Filed: March 30, 1982.


Appeal by plaintiff employer pursuant to G.S. 7A-30(2) from the decision of the North Carolina Court of Appeals (Whichard, J., with Hill, J., concurring and Hedrick, J., dissenting) reported at Branch, Chief Justice. Justice Carlton dissenting. Justices Copeland and Meyer join in this dissenting opinion.


The question presented by this appeal is whether claimant's unexcused absence from work on 16 February 1980, which

violated her employer's rule and which was due to her inability to secure child care, constituted "misconduct" connected with her work so as to disqualify her for unemployment compensation benefits.

G.S. 96-14(2), in part, provides:

An individual shall be disqualified for benefits . . . if it is determined by the Commission that such individual is, at the time such claim is filed, unemployed because he was discharged for misconduct connected with his work.
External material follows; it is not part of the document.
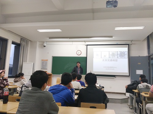 讲座开始后,张喆宁老师向学生们简述了北京市交通的概况,他从老北京城延续的城市规划讲起,谈起北京市交通的框架的来龙去脉。在解释完基础性的信息之后,张老师为学生们介绍了交通模拟软件VISSIM和由此模拟出的北京市的交通模型。他在进行数据分析后,为学生从交通供给,社会经济数据库和出行行为三方面介绍了北京市交通模型。用大数据来分析问题,又举出小实例,用通俗易懂的例子深入浅出的为同学们介绍交通模型,给在座的许多同学都带来了启发。之后,他着重介绍了对人流的分析,分析交通一定要注意人流,这是一个很微妙的数据,看似无迹可寻,其实往往有隐藏起来的规律,这可能跟心理学还有的关系。人流是交通的主导,这也是为什么北京会有早晚高峰的原因。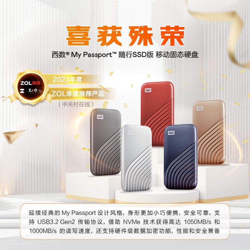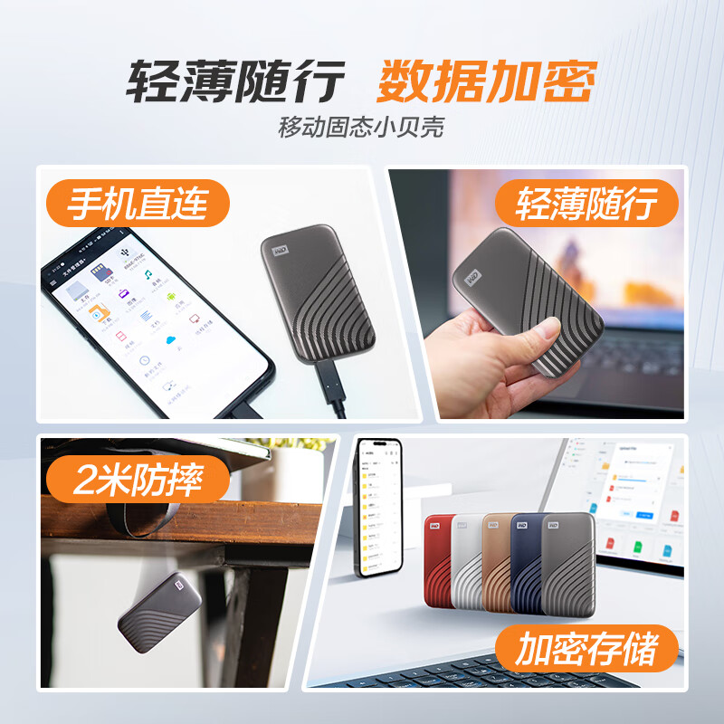 西部数据(WD)2TB NVMe 移动固态硬盘(PSSD)My Passport随行SSD type-c接口 1050MB/s 手机直连笔记本外接

This Court has not defined "misconduct" in the context of the statute. However, the rule recognized by our Court of Appeals and the majority of the courts of other jurisdictions is that misconduct sufficient to disqualify a discharged employee from receiving unemployment compensation is conduct which shows a wanton or wilful disregard for the employer's interest, a deliberate violation of the employer's rules, or a wrongful intent. See In re Collingsworth, 17 N.C. App. 340, 194 S.E.2d 210 (1973), and cases there cited, 76 Am. Jur. 2d, Unemployment Compensation § 52 (1975); Beaunit Mills, Inc. v. Division of Employment Security, 43 N.J. Super. 172, 128 A. 2d 20 (1956); Checker Cab Co. v. Industrial Comm., 242 Wisc. 429, 8 N.W. 2d 286 (1943). See also Annot., Unemployment Compensation - Misconduct, 26 A.L.R. 3d 1356, § 3 at 1359 (1969). We adopt this majority rule.

The obvious reasons for such a rule are to prevent benefits of the statute from going to persons who cause their unemployment by such callous, wanton, and deliberate misbehavior as would reasonably justify their discharge by an employer, and to prevent the dissipation of employment funds by persons engaged in such disqualifying acts.

Our research discloses that it is generally recognized that chronic or persistent absenteeism, in the face of warnings, and without good cause may constitute wilful misconduct. See Annot., Unemployment Compensation - Absenteeism, 58 A.L.R. 3d 674, § 3 at p. 685 (1974); Annot., Unemployment Compensation-Absences, 41 A.L.R. 2d 1158, § 3 at p. 1160 (1955). However, a violation of a work rule is not wilful misconduct if the evidence shows that the employee's actions were reasonable and were taken with good cause. In re Collingsworth, supra; Kindrew v. Page 376} Unemployment Comp. Bd., 37 Pa. Commw. Ct. 9, 388 A. 2d 801 (1978); Unemployment Comp. Bd. v. Iacano, 30 Pa. Commw. Ct. 51, 357 A. 2d 239 (1976); Boynton Cab. Co. v. Neubeck, 237 Wisc. 249, 296 N.W. 636 (1941). This Court has defined a "good cause" to be a reason which would be deemed by reasonable men and women valid and not indicative of an unwillingness to work. In re Watson, 273 N.C. 629, 161 S.E.2d 1 (1968); see also, In re Clark, 47 N.C. App. 163, 266 S.E.2d 854 (1980).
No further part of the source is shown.